As for macro news, US consumer sentiment was up in May and inline with analyst guesses as the average US consumer can’t find Canada on a map, much less Greece, so it just proves that ignorance, and Madelyn Marie, are truly bliss. Also retail sales rose by .4% which beat analyst guesses of .2%. However, if autos, gas, and building materials are excluded, retail sales dropped .2%. Up .4%, down .2%, whatever, it’s all rounding to Money McBags, but the point is, and Money McBags has to put this extrememly elegantly because he expects his readers all to be very cunning linguists, shit is still fucked up.

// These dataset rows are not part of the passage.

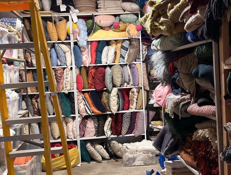 600 kv. m. sandėlyje atrasite įvairius dekoratyvinius elementus, baldus, indus, apšvietimą, įvairią tekstilę – nuo pagalvėlių iki kilimų, buitinę techniką, dirbtines gėles, paveikslus ir dar daugiau.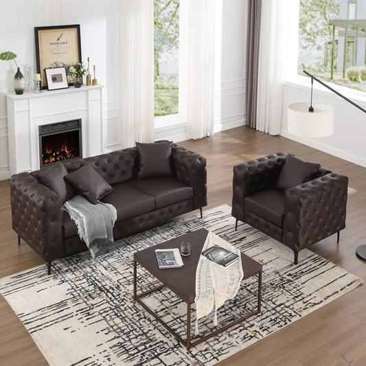 7 Seater Sofa Set: 2-Piece Tufted Faux Leather Sofa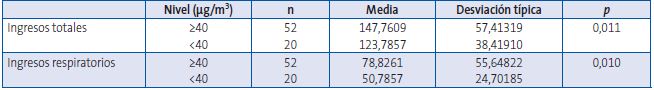Se constató que los meses en los que los niveles de NO eran igual o superiores a 40 μ/m 3 el porcentaje de ingresos fue mayor de manera significativa que el de los meses en que no se alcanzaron estos niveles.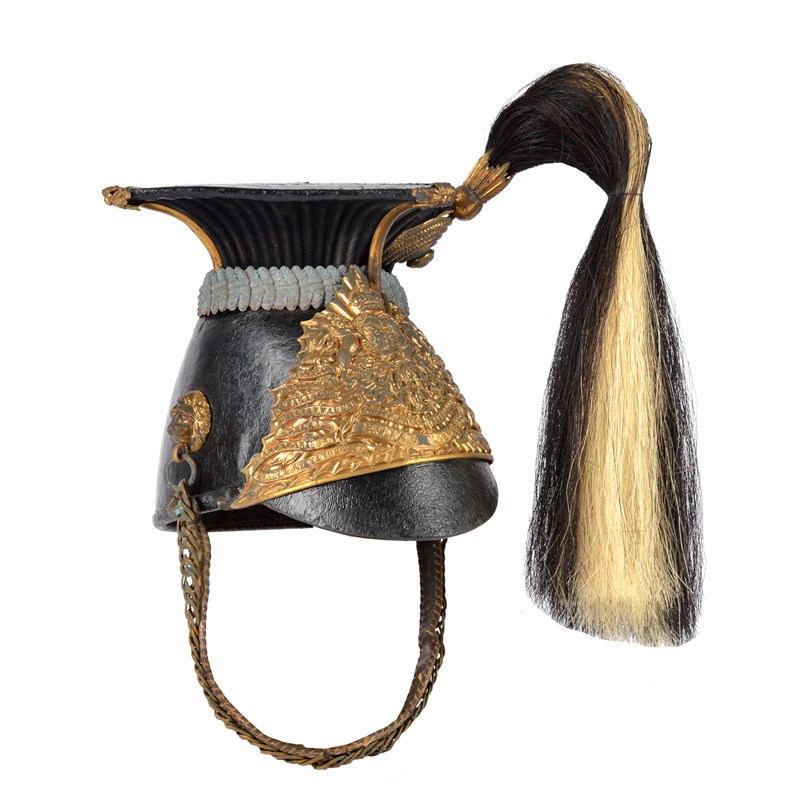 A post 1902 9th Lancers other ranks lance cap, patent leather skull with gilt helmet plate bearing regimental title and battle honours, chain chin strap suspended from gilt lion masks, square crest rising to the flat top with ribbed cloth sides and gilt acanthus corner mounts, blue cloth band, black and white horse hair plum to a gilt socket rising from a bullion cloth roundel; in a 20th Century glazed wooden display case.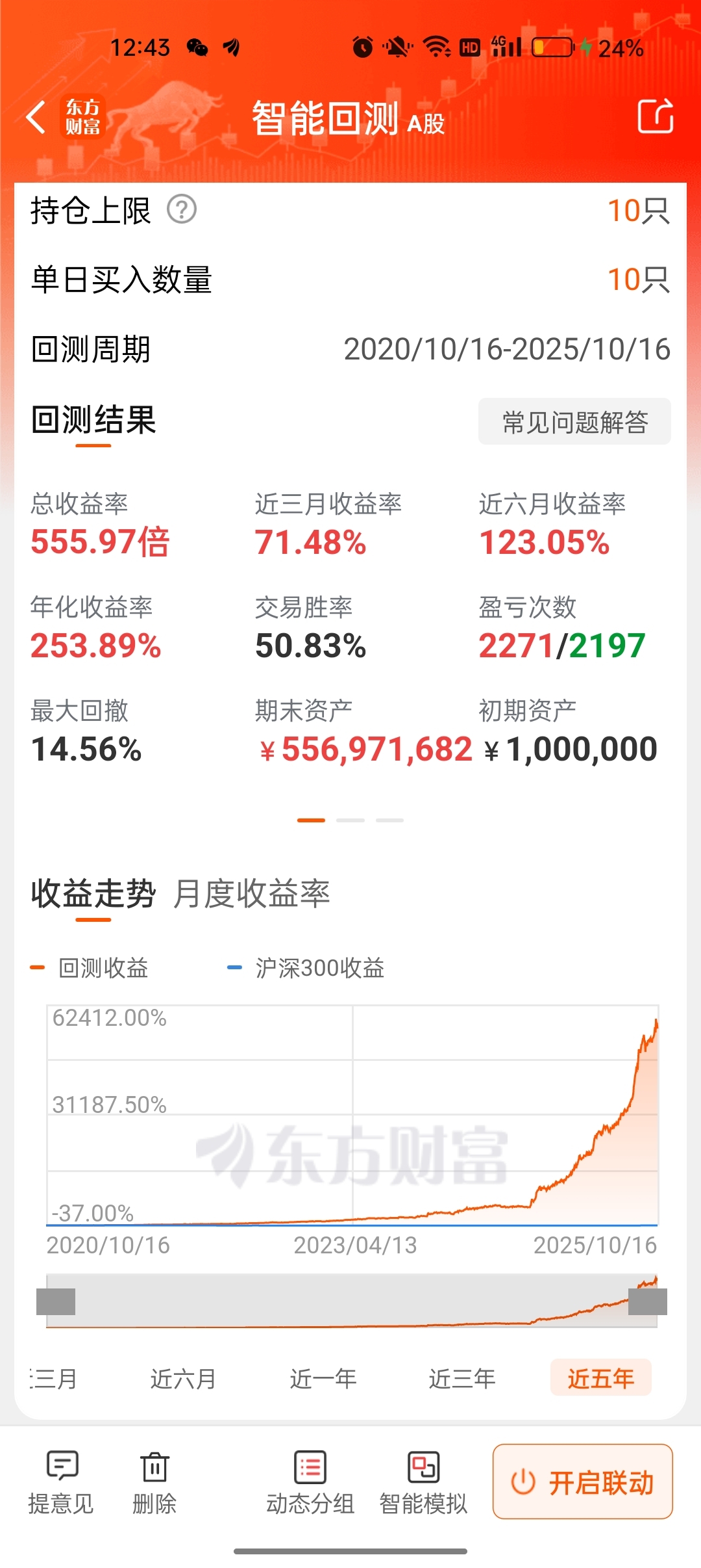 同一个策略构建的。年化最差测试是1倍,单月均11左右。有搞胜率策略可以换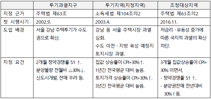 세 가지 규제지역 지정의 근거, 지정요건과 시행시기를 간략히 살펴보자.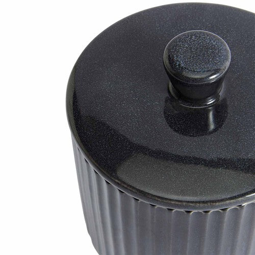 This M&S canister offers a contemporary look for your home organisation needs. Crafted from durable ceramic in a sleek charcoal finish, this small storage jar features distinctive vertical ribbing across its exterior surface, adding visual depth. It is designed to keep dry goods neatly contained while enhancing your countertop aesthetics effectively.

In stock news, it was what Money McBags calls an AC Green or a celibate day as shorts were up and longs were down. In addition to credit card issuers having their balances transfered, chipmaker Nvidia put up a big quarter but was down on a forecast more lacking than diction on an NBA studio show. The stock was down 10%+ as they guided to a 3% to 5% revenue decline for the upcoming quarter and analysts were guessing flat to moderately up revenue growth. Videogame makers are also all getting hit as an industry tracker showed the worst year over year sales decline since the Mario Brothers were implicated in the steroid ring and thus became a bit less “super.” Software sales were down 23% and analysts were expected sales to rise, especially off of a week April number last year while hardware sales were down and amazing 37% as teenagers spent more time playing Scrabble on Facebook and learning to YoYo from the way ahead of his time K-Strass.
In small cap news, everything tumbled except sleepy Money McBags holding DFZ and IBKR. IBKR is a bit of an interesting play here as the CEO (who also owns 80% of the company) thinks there is $2 of eanrings power in his business but they face lumpy Qs as their market making business is always long volatility to hedge. Well guess what, unless you have been on the planet Melmac for the past week eating pussy, you are probably aware that volatility is spiking up and thus IBKR’s long vol play should bring earnings back to their market making business. The company takes little balance sheet risk as they are making markets in listed options and hedging their exposures and they have a nice other business which is an online trading platform that is growing 20%+. This business has been more of a value trap than going to the backroom in a Vegas strip club (and as a word of advice, save the $150 and just get 7 lap dances), but this is the kind of environment where they should excel. So if you are itching for risk, this is one way to play the financials space relatively safely and with the trends going in your favor and it’s still pretty cheap trading at only ~8.5x their earnings potential.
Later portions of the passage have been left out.